ZFS: The Last Word in Filesystems


I've been spending a lot of time lately reading-up on different options since my current home file-server setup is slowly running out of disk-space. Sure, I could just throw some new HDD's in there, but the inner-geek in me really wants to setup a new system that has both redundancy and scalability – something more robust and future-proof.

In reading through different online forums, the topic of ZFS-based systems kept coming-up again and again. I had heard the term "ZFS" thrown around before but I had never really spent the time to read-up on it. It's just another filesystem, right? How fancy can it be?

Well, ZFS is just damn cool. ZFS is lot more than "just another filesystem"…

  • It's a filesystem, logical volume manager, and software RAID subsystem all wrapped-up into one end-to-end system.
  • It does end-to-end checksums, making sure the raw data read off the physical disk matches the same data that was previously written to disk.
  • It is a transactional file system, which guarantees a consistent on-disk data-state even with catastrophic failures like a power loss.
  • You can do data scrubbing online, as opposed to the normal Linux solution of ext2/ext3/ext4 where you can only "fsck" a filesystem offline.
  • It uses a copy-on-write strategy which makes doing filesystem snapshot'ing a breeze. For example, you could setup a cronjob to take nightly snapshots of your filesystem to facilitate incremental backups, i.e. allowing you to go back in time and recover old-states of files.
  • It has RAID-Z support, which is similar to RAID-5/RAID-6 except without the potentially-fatal "RAID-5 write hole" problem, in part thanks to the copy-on-write strategy.
  • You can replicate ZFS filesystems (zfs send and zfs receive), snapshots and all, making it dead-easy to backup ZFS filesystems to remote machines.

Very, very cool stuff!

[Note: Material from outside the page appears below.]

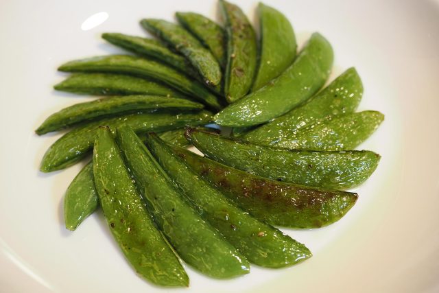 ↑「焼きスナップエンドウ」の完成。オリーブオイルを入れ過ぎて一部「焼き」というより「揚げ」っぽくなってしまいましたが、でも甘みが思っ以上に強くて(加熱の影響?)味はバッチリでした。
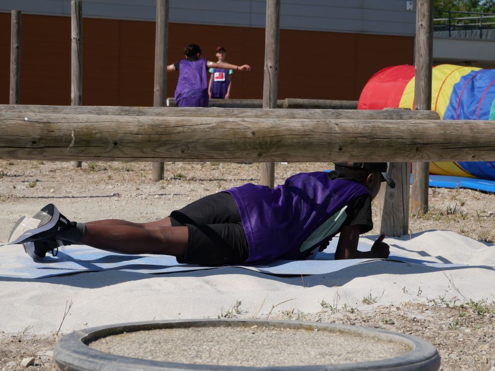 ● Le parcours challengers : parcours où il faut sauter, ramper et rester en équilibre sur une poutre

The more I read about it, the more I wanted it for my next-generation file-server solution. In particular, I really love the idea of end-to-end checksums. I want to make darn sure that the OS can realize when the disks are serving up garbage-data or if somehow bits have mysteriously been corrupted on-disk (as unlikely as that might be).

In reading about all these various historical problems that ZFS sets out to address, I'm really surprised that more OSes haven't tried to adopt superior filesystem technology. The classic problem for so many Windows-users seems to be that their installs get "corrupt", likely usually due to folks forcibly powering-off their computers before the hard-drives have a chance to flush their write-buffer to disk. And then folks get to cope with BSOD's or broken Windows installs. Sad times for everyone. Filesystems seem like such a foundational part of the OS that you'd expect companies would spend the time to make them as robust as possible. I read some rumors that Apple was planning to incorporate ZFS into OSX a few years back, but apparently that fell apart for some reason. Sad…

Kudos to the Sun folks for designing such a fantastic filesystem and then open-sourcing it!